* [ENTRIES PROVIDED]:
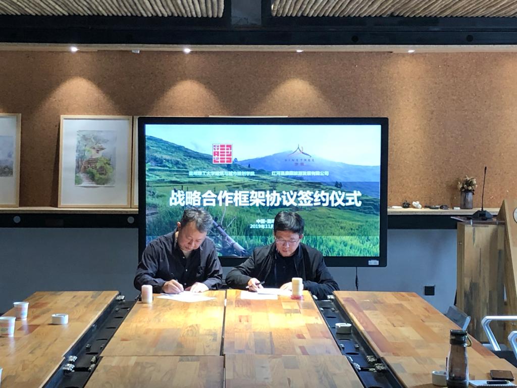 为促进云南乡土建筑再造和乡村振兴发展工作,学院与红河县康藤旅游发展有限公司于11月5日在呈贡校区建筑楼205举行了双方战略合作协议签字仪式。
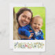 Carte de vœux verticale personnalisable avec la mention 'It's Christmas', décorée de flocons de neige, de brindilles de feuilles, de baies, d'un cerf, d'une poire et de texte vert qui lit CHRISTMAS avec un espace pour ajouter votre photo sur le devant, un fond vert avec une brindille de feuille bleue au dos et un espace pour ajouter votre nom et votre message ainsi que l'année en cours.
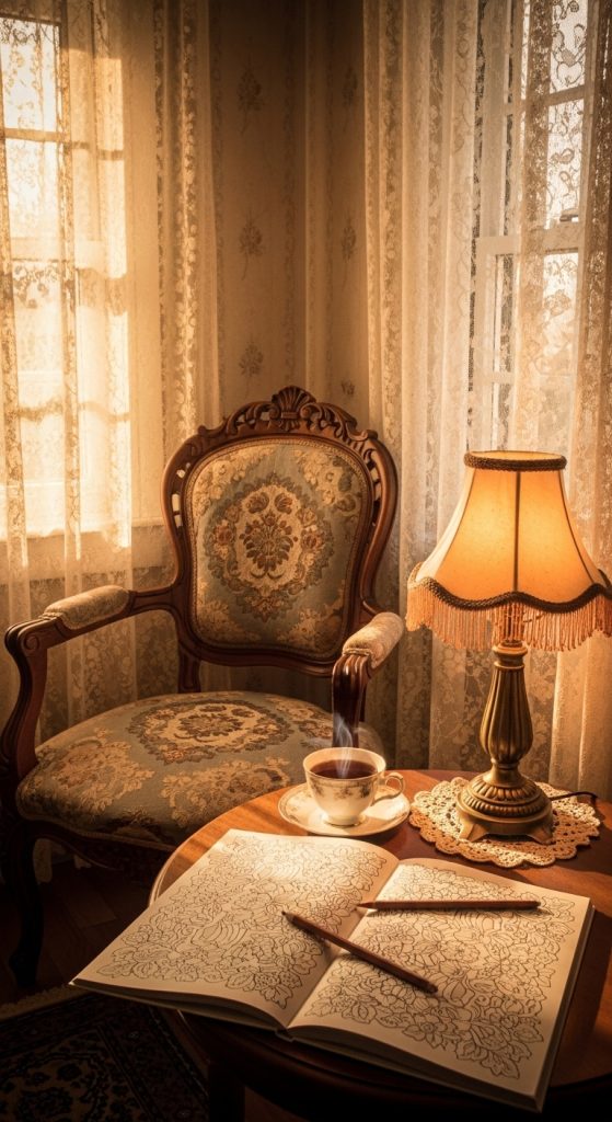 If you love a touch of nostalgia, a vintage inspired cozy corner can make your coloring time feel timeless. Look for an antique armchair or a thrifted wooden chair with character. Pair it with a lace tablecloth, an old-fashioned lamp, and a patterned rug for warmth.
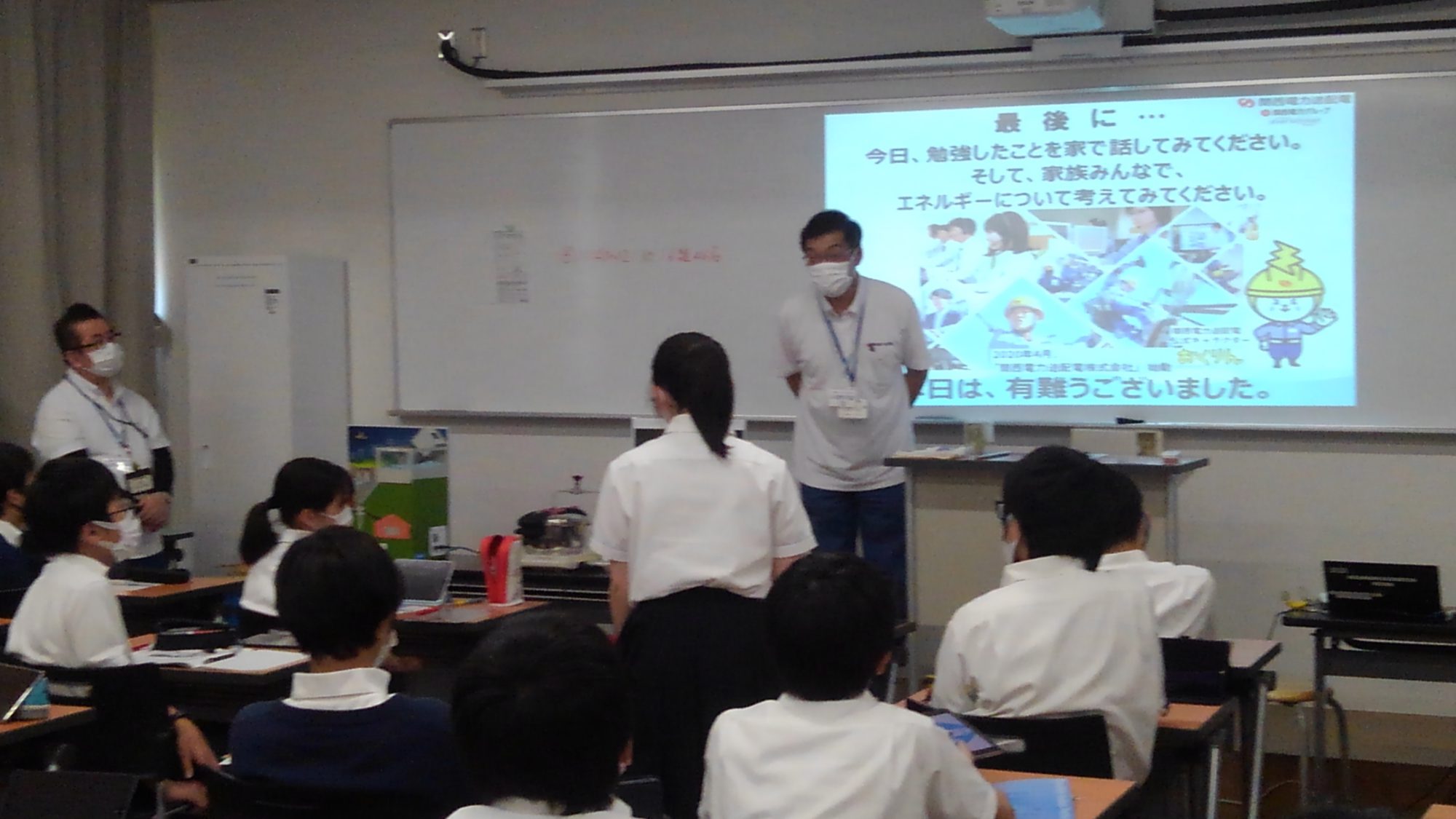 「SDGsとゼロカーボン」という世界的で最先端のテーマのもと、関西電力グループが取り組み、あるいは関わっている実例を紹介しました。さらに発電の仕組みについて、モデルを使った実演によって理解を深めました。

* * *

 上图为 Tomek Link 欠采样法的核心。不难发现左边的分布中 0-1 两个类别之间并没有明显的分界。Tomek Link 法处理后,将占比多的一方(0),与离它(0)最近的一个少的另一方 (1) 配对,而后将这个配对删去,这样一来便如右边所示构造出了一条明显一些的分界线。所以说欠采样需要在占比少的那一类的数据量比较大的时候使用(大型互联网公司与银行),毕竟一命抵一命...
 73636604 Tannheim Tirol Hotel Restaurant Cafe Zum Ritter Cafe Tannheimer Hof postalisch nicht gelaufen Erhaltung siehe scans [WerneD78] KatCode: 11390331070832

* [PROBLEM TO SOLVE]: Out of the data above, give again only the lines starting at the one holding "上图为 Tomek Link" and ending at the one holding "73636604 Tannheim Tirol", unchanged.

* [EXERCISE OUTPUT]:
 上图为 Tomek Link 欠采样法的核心。不难发现左边的分布中 0-1 两个类别之间并没有明显的分界。Tomek Link 法处理后,将占比多的一方(0),与离它(0)最近的一个少的另一方 (1) 配对,而后将这个配对删去,这样一来便如右边所示构造出了一条明显一些的分界线。所以说欠采样需要在占比少的那一类的数据量比较大的时候使用(大型互联网公司与银行),毕竟一命抵一命...
 73636604 Tannheim Tirol Hotel Restaurant Cafe Zum Ritter Cafe Tannheimer Hof postalisch nicht gelaufen Erhaltung siehe scans [WerneD78] KatCode: 11390331070832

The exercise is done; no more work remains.